Menopause and the mind – expert advice on how to alleviate brain fog
On Monday night a new Channel 4 documentary fronted by Davina McCall titled ‘Sex, Mind and the Menopause’ aired exploring how menopause can affect the mind as well as the body, with memory loss and brain fog decimating women at work. If you’ve been wondering where to seek advice since watching the show, look no further.
Leading menopause support app balance – the only menopause app certified by ORCHA and recognised as safe, accredited, compliant, and trusted to feature in digital health libraries for the NHS and other national health bodies around the world – offers a wealth of resources for those experiencing perimenopause and menopause. 86% of people say that since using the balance app they have been able to access the right diagnosis faster for their symptoms.
Founded by Dr. Louise Newson with a single mission in mind: to make menopause support inclusive and accessible to all, balance app experts have created an evidence-based guide on how to recognise brain fog and offer simple tips on how to treat it.
What is brain fog?
Brain fog is a very common symptom of menopause, and many women say that their brains feel like ‘cotton wool’. You might have noticed that you’re increasingly forgetful, can’t remember names, lose your keys, write endless to do lists, and find it hard to retain information. This can make it especially hard to function at work, and you might struggle to concentrate when reading or watching TV.
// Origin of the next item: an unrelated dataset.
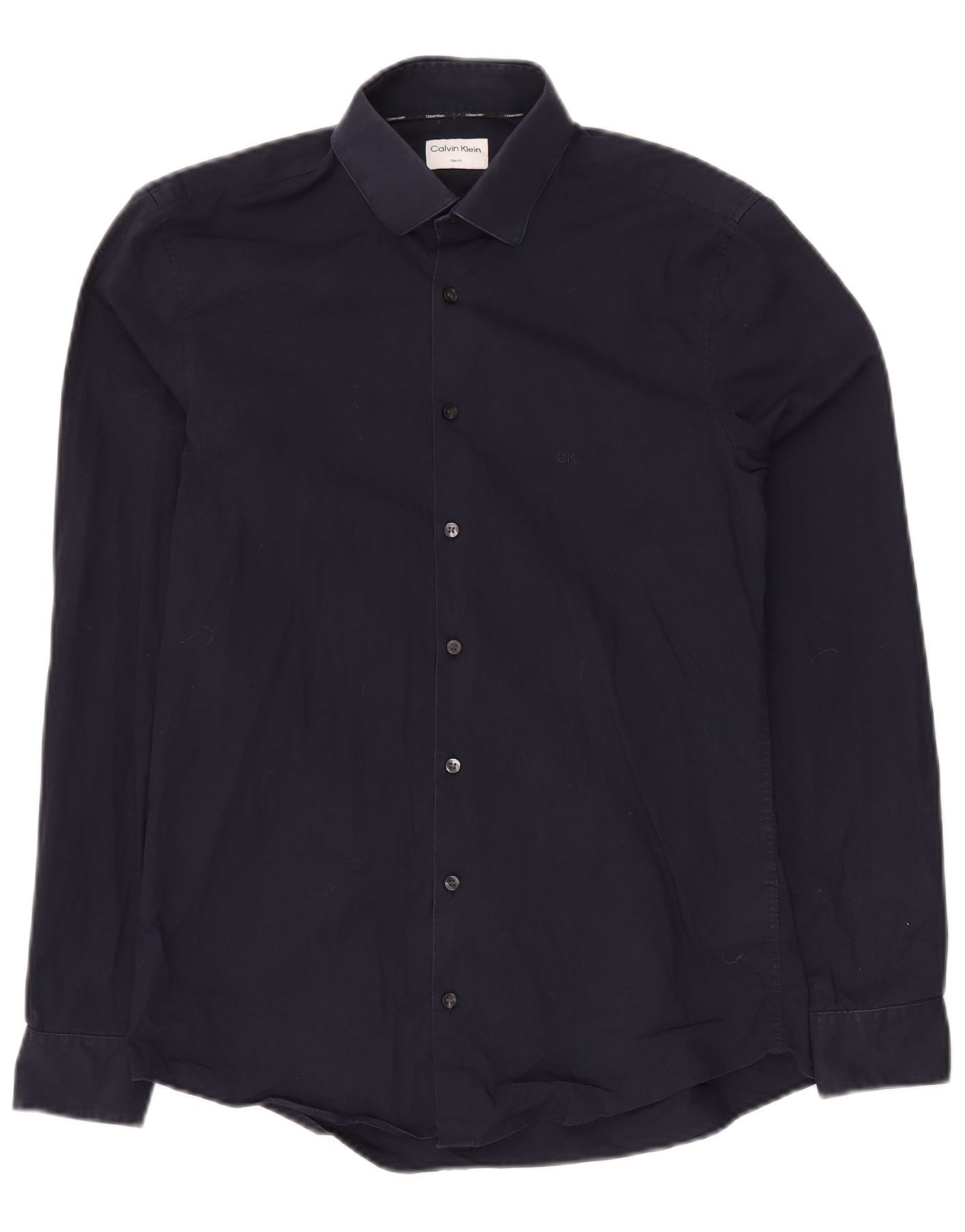 Мужская рубашка приталенного кроя CALVIN KLEIN, размер 39, средний темно-синий, хлопок

Two of the main female hormones, estrogen, and testosterone, play an important role in cognition and memory. When the levels of these hormones begin to fall during perimenopause and menopause, this can lead to a range of cognitive symptoms including memory loss, difficulty staying focused, wordfinding difficulties, losing your train of thought, and getting confused easily.
These symptoms can be so severe that you may even start to worry that you have dementia. This is particularly scary if you have a family history, and some women become so concerned that they are referred to have testing at a memory clinic. Fortunately, the right type and dose of hormone replacement therapy (HRT) (with testosterone for those who need it) can often improve brain fog and help you think more clearly. In fact, since using the balance app 73% of people gained access to HRT.
The good news is that we can also support brain health with simple lifestyle changes. There are many things you can do to support brain function
In addition to accessing appropriate hormonal treatment, there are some lifestyle choices which may improve brain fog.
A healthy diet
There are clear links between what we eat and our hormone balance. A brain-friendly diet is one rich in polyunsaturated fatty acids, such as Omega 3 and Omega 6, which are found in eggs, fish, nuts, and seeds. Your brain will thank you for giving it plenty of these nutrients.
Another important dietary consideration is giving your brain antioxidants, in particular vitamins A, C, and E. The brain is the most metabolically active organ in the body. When it burns glucose, free radicals are formed which have unwanted effects in your body, including the brain, as they make your cells age faster and work less efficiently. It’s important to have antioxidants in your diet as they can balance out these free radicals and minimise the negative impact of them on your cells.
Regular exercise can also support brain health – it’s important to make time to keep active by doing an activity that you enjoy. If you’re not keen on going to the gym or joining a fitness class, yoga is a great way to relieve stress and promote relaxation.
Going for a daily walk can improve fitness and increase mental and emotional wellbeing. It can be challenging to start a new nutrition and exercise plan, especially if you’re dealing with menopausal symptoms.
The key is to make small, sustainable changes that become part of your everyday routine. Many women find that their energy and motivation to exercise increases when they start taking HRT.
It’s common to have trouble sleeping during the perimenopause and menopause, as the brain can’t regulate sleep properly without the hormones, estrogen, and progesterone. If you struggle to fall or stay asleep, or you wake up in the middle of the night, there’s a good chance you’re missing out on some of the deep sleep that’s most beneficial for your brain.
Deep sleep is when all the toxins and impurities are removed, so this phase of sleep is important to keep the brain healthy. For this reason, it’s wise to take steps to improve your sleep habits, such as limiting screen time before bed, keeping your bedroom cool, dark, and comfortable, and using pillow sprays or aromatherapy oils to help you feel calm and relaxed.
Many women find that the quality of their sleep dramatically improves when they take HRT. Better sleep also boosts mood, energy levels, and concentration, helping the cloud of brain fog to lift.